VideoPlayer(player: player)
.frame(height: 300)
.onReceive(player.publisher(for: \.timeControlStatus)) { status in
if status == .playing {
syncTimer = Timer.scheduledTimer(withTimeInterval: 1.0, repeats: true) { _ in
sendPlaybackPositionEvent()
}
} else {
syncTimer?.invalidate()
syncTimer = nil
}
}
Then, we subscribe to custom events to receive updates about the playback position from the main participant and sync your own playback accordingly.
Let us take a closer look at the subscribeToCustomEvents()
function that is called after creating a call:
private func subscribeToCustomEvents() {
Task {
do {
for await event in call.subscribe(for: CustomVideoEvent.self) {
handleCustomEvent(event)
}
} catch {
print("Error subscribing to custom events: \(error)")
}
}
}
It uses the subscribe(for:)
method provided by the Call
class to subscribe specifically to events of type CustomVideoEvent
.
Inside a Task
block, the function uses a for await
loop to asynchronously iterate over the custom events. Each event received is passed to the handleCustomEvent(_:)
function for processing. When a custom event is received, it needs to be handled appropriately to sync the playback position:
private func handleCustomEvent(_ event: CustomVideoEvent) {
if let position = event.custom["position"]?.numberValue {
syncPlaybackPosition(to: position)
}
}
It assumes that the custom event contains a "position"
key with a numeric value representing the current playback position. If the playback position is successfully extracted, it is passed to the syncPlaybackPosition(to:)
function to sync the local playback to the received position:
private func syncPlaybackPosition(to position: Double) {
let time = CMTime(seconds: position, preferredTimescale: 1000)
player?.seek(to: time)
}
Using the seek(to:)
method of the AVPlayer
instance, the local playback is updated to the specified time.

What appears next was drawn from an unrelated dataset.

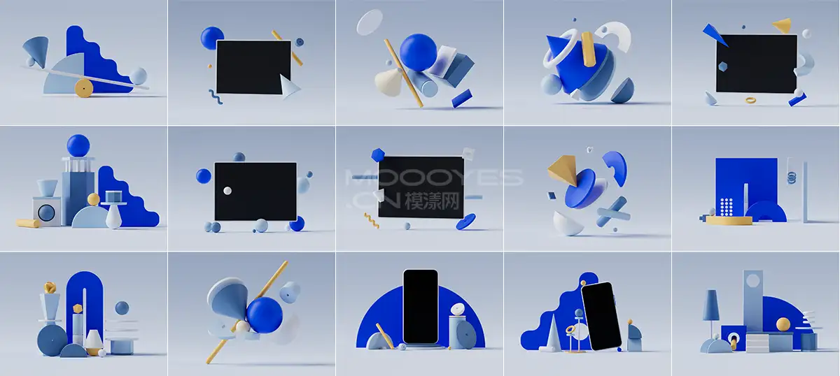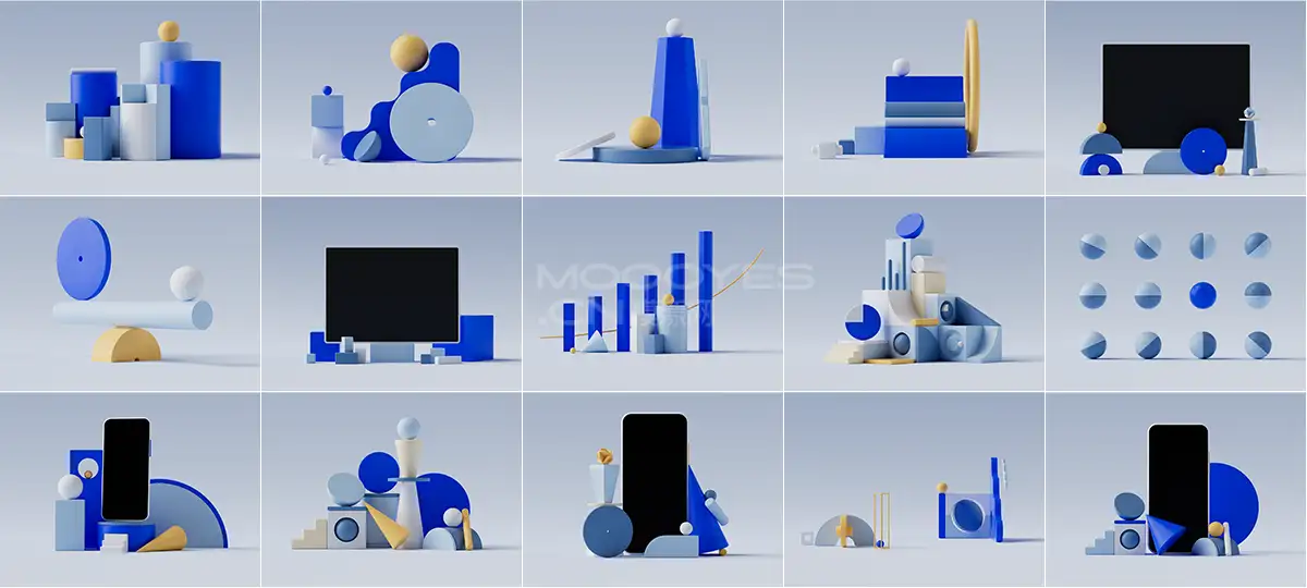 文件包名称:模漾网-40P-几何元素微软风C4D场景-模型合集

This ensures that all participants are in sync and watching the same part of the video.
Conclusion
Stream's SDK makes it easy for developers to create engaging and interactive experiences for their users. With features like live streaming, real-time video playback, and the ability to add custom overlays, Stream's Video SDK provides a solid foundation for building a wide range of video-based apps.

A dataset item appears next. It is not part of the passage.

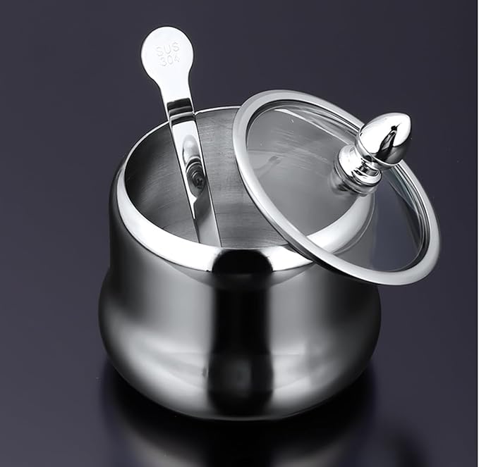 TENTA TENTA KITCHEN 18/8 Stainless Steel Seasoning Box Condiment Jar Set Spice Jar Spice Rack Condiment Cruet Bottle Salt Pepper Sugar Storage Organizers with 3 Serving Spoons (Glass Lids) -

If you are interested in exploring Stream's Video SDK further, I encourage you to check out the official documentation and resources. There is also a blog post by Stream on creating an iOS live-streaming app with SwiftUI.
In the upcoming parts of this blog post series, we will be exploring how to enhance the WWDC watch party experience and integrate chat for discussion during sessions. We will also be diving deeper into Stream's Video SDK and exploring some of its more advanced features.